**Information supplied:**
Content starts
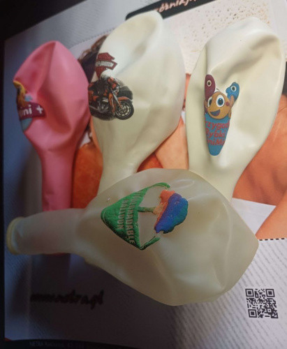 OPIS: Balon reklamowy o średnicy 35 cm. Nadruk wykonujemy w technice sitodruku. Standardowe kolory nadruku dla nakładów do 1000szt. to: biały, czarny, srebrny, złoty, żółty, różowy, czerwony, fioletowy, błękitny, niebieski, granatowy, zielony.
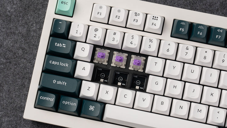 The Keychron Q5 HE keyboard uses Gateron Nebula Magnetic switches. These switches use magnets and sensors instead of physical contacts to process actuations, creating a much smoother keypress without bounce or chatter. The adjustable actuation point is determined not by location but by distance travelled.
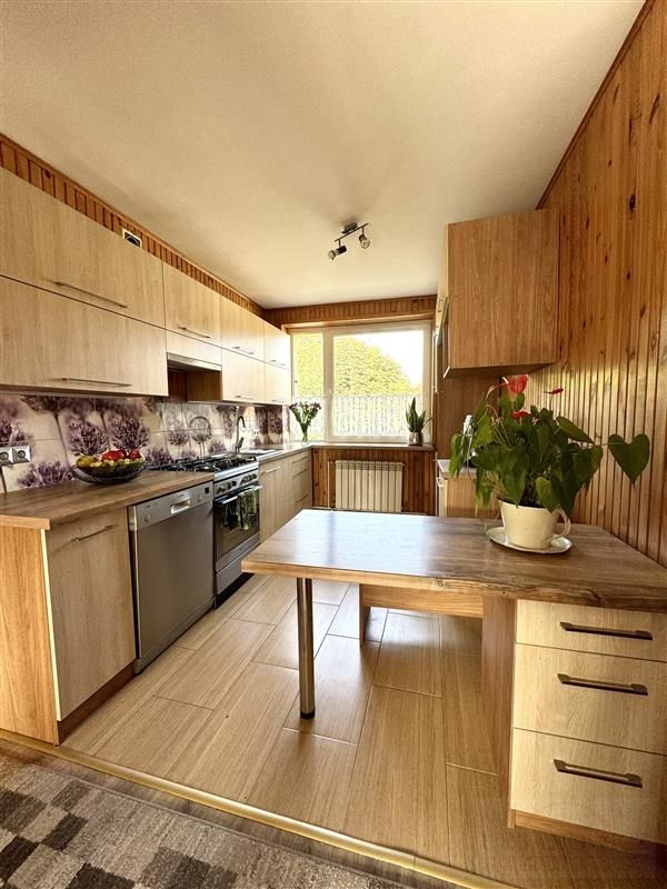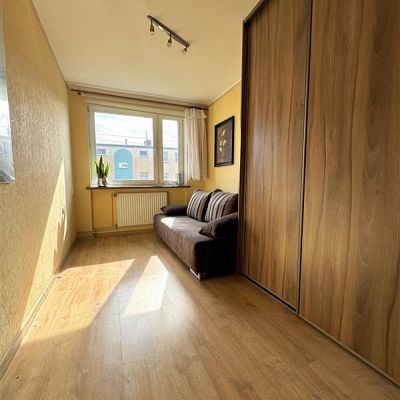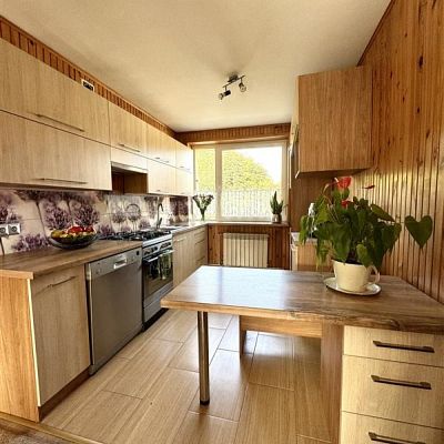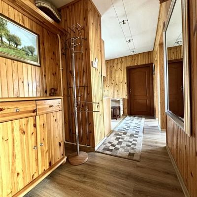 Okna PCV. W pokojach i w przedpokoju na podłogach panele, w salonie ściany malowane, w pokojach tapety, w przedpokoju boazeria.
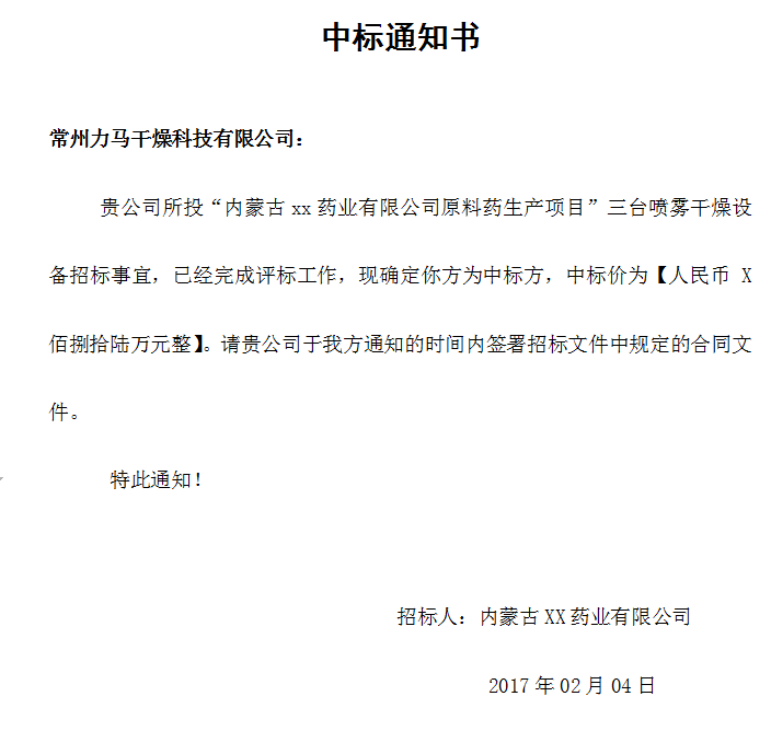 經過廣泛的調研和嚴格的測驗,內蒙古xx藥業有限公司,最終決定向常州力馬科技有限公司定購三臺原料藥噴霧干燥機,單筆金額高達百萬余元,貢獻力馬新春第一單,為力馬贏得了農歷雞年的頭彩。同時也展示了內蒙古xx藥業有限公司蓬勃的生機和迅猛的發展勢頭,真誠祝愿兩家公司合作愉快、雞年大吉。
Content ends
**What to work on:** All the data above is to be transcribed exactly, with no pictures included.

**Task solution:**
 OPIS: Balon reklamowy o średnicy 35 cm. Nadruk wykonujemy w technice sitodruku. Standardowe kolory nadruku dla nakładów do 1000szt. to: biały, czarny, srebrny, złoty, żółty, różowy, czerwony, fioletowy, błękitny, niebieski, granatowy, zielony.
 The Keychron Q5 HE keyboard uses Gateron Nebula Magnetic switches. These switches use magnets and sensors instead of physical contacts to process actuations, creating a much smoother keypress without bounce or chatter. The adjustable actuation point is determined not by location but by distance travelled.
 Okna PCV. W pokojach i w przedpokoju na podłogach panele, w salonie ściany malowane, w pokojach tapety, w przedpokoju boazeria.
 經過廣泛的調研和嚴格的測驗,內蒙古xx藥業有限公司,最終決定向常州力馬科技有限公司定購三臺原料藥噴霧干燥機,單筆金額高達百萬余元,貢獻力馬新春第一單,為力馬贏得了農歷雞年的頭彩。同時也展示了內蒙古xx藥業有限公司蓬勃的生機和迅猛的發展勢頭,真誠祝愿兩家公司合作愉快、雞年大吉。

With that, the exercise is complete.